Exercise prompt >>
Set the listing down again in full, word for word, with the pictures left out.

Data section >>
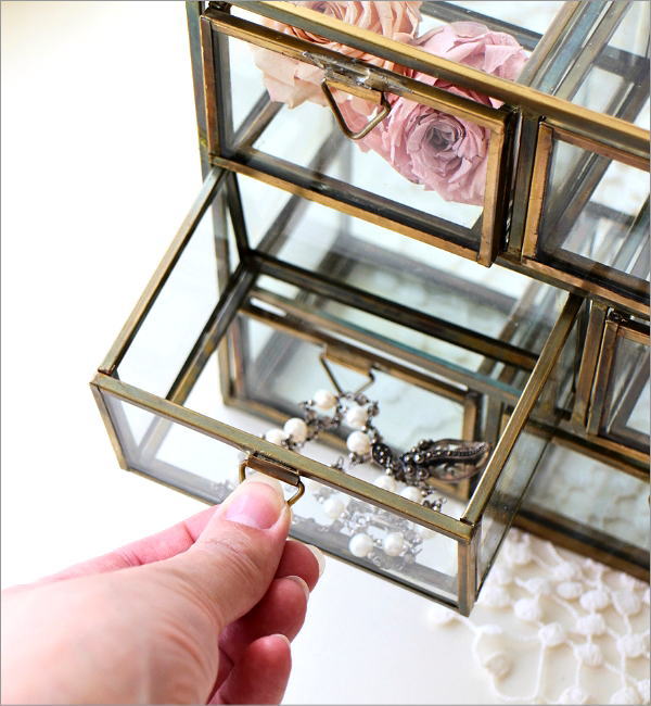 材質 ガラス アイアン 重量(kg) 2.02 生産国 インド ※引き出しにストッパーはついていません ※手作り品につき、わずかなガタつきや小さなガラスの欠け、小傷等はご容赦ください ※アイアンに真鍮風のペイントを施したアンティーク調デザインです 備考 ・北海道・沖縄・離島の送料は別途お問い合わせ下さい ・ディスプレイによる色の違いは予めご了承下さい ・手作り品の為僅かな寸法違いは予めご了承下さい |
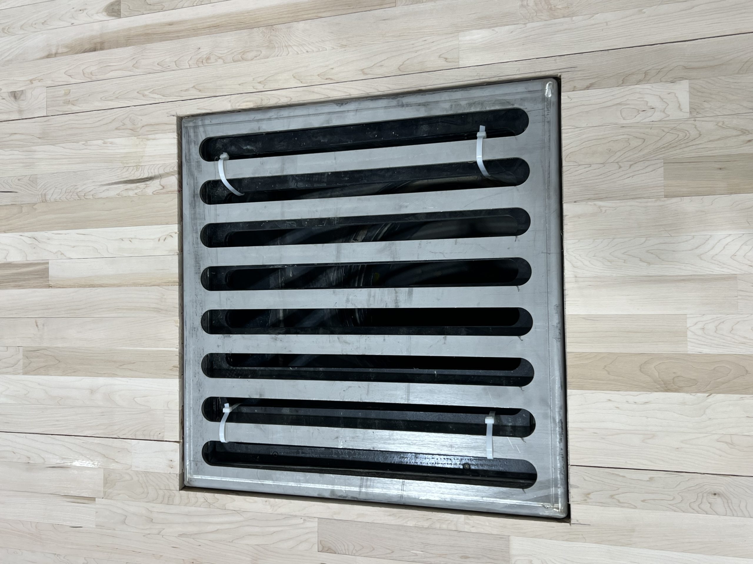 Engineers addressed this issue by introducing air beneath the turf, allowing it to move with minimal resistance. The system uses seven high-volume fans, each rated at 11,200 CFM, connected to an underground duct network. These ducts deliver air to 28 distribution points across the gym floor. As the turf is deployed, the fans activate in sequence, injecting controlled airflow beneath the surface so the turf effectively “floats” across the floor, similar to a large-scale air hockey table.
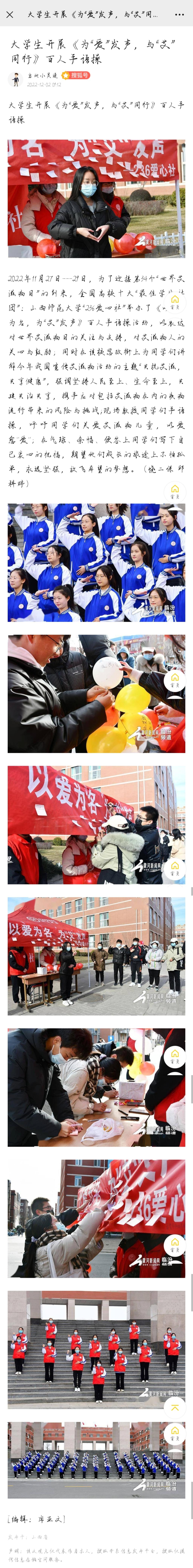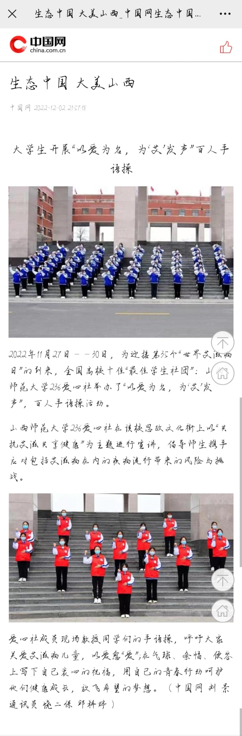 12月2日,中国网、黄河新闻网临汾报道频道分别以“老员工开展“以爱为名,为‘艾’发声”百人手语操”、“老员工开展《为“爱”发声,与“艾”同行》百人手语操”为题,报道了公司236爱心社“为‘爱’发声,与‘艾’同行”百人手语操活动。

Task solution >>
 材質 ガラス アイアン 重量(kg) 2.02 生産国 インド ※引き出しにストッパーはついていません ※手作り品につき、わずかなガタつきや小さなガラスの欠け、小傷等はご容赦ください ※アイアンに真鍮風のペイントを施したアンティーク調デザインです 備考 ・北海道・沖縄・離島の送料は別途お問い合わせ下さい ・ディスプレイによる色の違いは予めご了承下さい ・手作り品の為僅かな寸法違いは予めご了承下さい |
 Engineers addressed this issue by introducing air beneath the turf, allowing it to move with minimal resistance. The system uses seven high-volume fans, each rated at 11,200 CFM, connected to an underground duct network. These ducts deliver air to 28 distribution points across the gym floor. As the turf is deployed, the fans activate in sequence, injecting controlled airflow beneath the surface so the turf effectively “floats” across the floor, similar to a large-scale air hockey table.
 12月2日,中国网、黄河新闻网临汾报道频道分别以“老员工开展“以爱为名,为‘艾’发声”百人手语操”、“老员工开展《为“爱”发声,与“艾”同行》百人手语操”为题,报道了公司236爱心社“为‘爱’发声,与‘艾’同行”百人手语操活动。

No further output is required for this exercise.